[PATCH] PR fortran/88227 -- Revenge of the BOZ
Paul Richard Thomas
paul.richard.thomas@gmail.com
Sun Aug 4 14:15:00 GMT 2019
Hi Steve,
This is OK.
Thanks for working on it.
Paul
On Thu, 1 Aug 2019 at 22:13, Steve Kargl
<sgk@troutmask.apl.washington.edu> wrote:
>
> Ping.
>
> --
> steve
>
> On Sun, Jul 28, 2019 at 04:41:02PM -0700, Steve Kargl wrote:
> > The attach patch fixes a problem with the conversion of a
> > BOZ literal constant to a REAL where the size of the REAL
> > exceeds the size of the largest INTEGER. The problem can
> > be seen on 32-bit targets that provide support for REAL(10)
> > and/or REAL(16), or it can be seen with a multilib target
> > when using -m32 and REAL(10) and/or REAL(16).
> >
> > If needed, the patch converts an octal or hexidecimal string
> > to the equivalent binary string, and then converts the binary
> > string to a REAL. In principle, bin2real() can convert to
> > REAL(4), REAL(8), REAL(10), and REAL(16), but I have elected
> > to use the old conversion method if the size of the largest
> > INTEGER exceeds the size the REAL(XXX) of interest. A future
> > patch may remove the old method and make this new approach the
> > only way to convert a BOZ.
> >
> > I have attached a short test program. There is no testcase
> > for testsuite.
> >
> > PLEASE TEST.
> >
> > 2019-07-28 Steven G. Kargl <kargl@gcc.gnu.org>
> >
> > PR fortran/88227
> > * check.c (oct2bin): New function. Convert octal string to binary.

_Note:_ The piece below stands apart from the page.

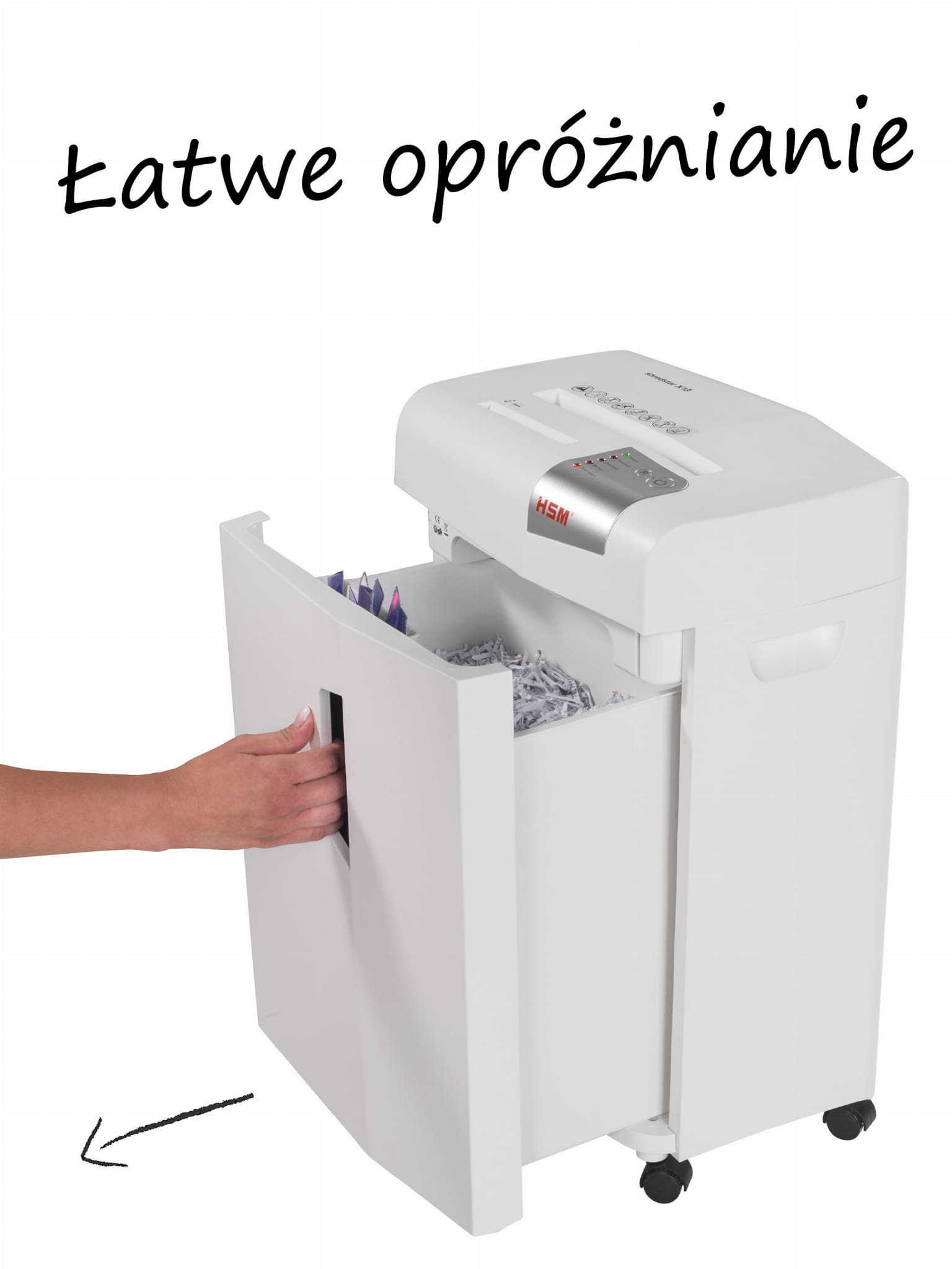 Funkcjonalna i przyjazna dla użytkownika. Ta niszczarka dokumentów na kółkach tnąca na ścinki wyróżnia się nowoczesnym wzornictwem oraz funkcją zapobiegania zacięciu papieru. Odpowiednia dla grupy do 5 osób.

> > (hex2bin): New function. Convert hexidecimal string to binary.
> > (bin2real): New function. Convert binary string to REAL. Use
> > oct2bin and hex2bin.
> > (gfc_boz2real): Use fallback conversion bin2real.
> >
> > --
> > Steve
>
> > Index: gcc/fortran/check.c
> > ===================================================================
> > --- gcc/fortran/check.c (revision 273766)
> > +++ gcc/fortran/check.c (working copy)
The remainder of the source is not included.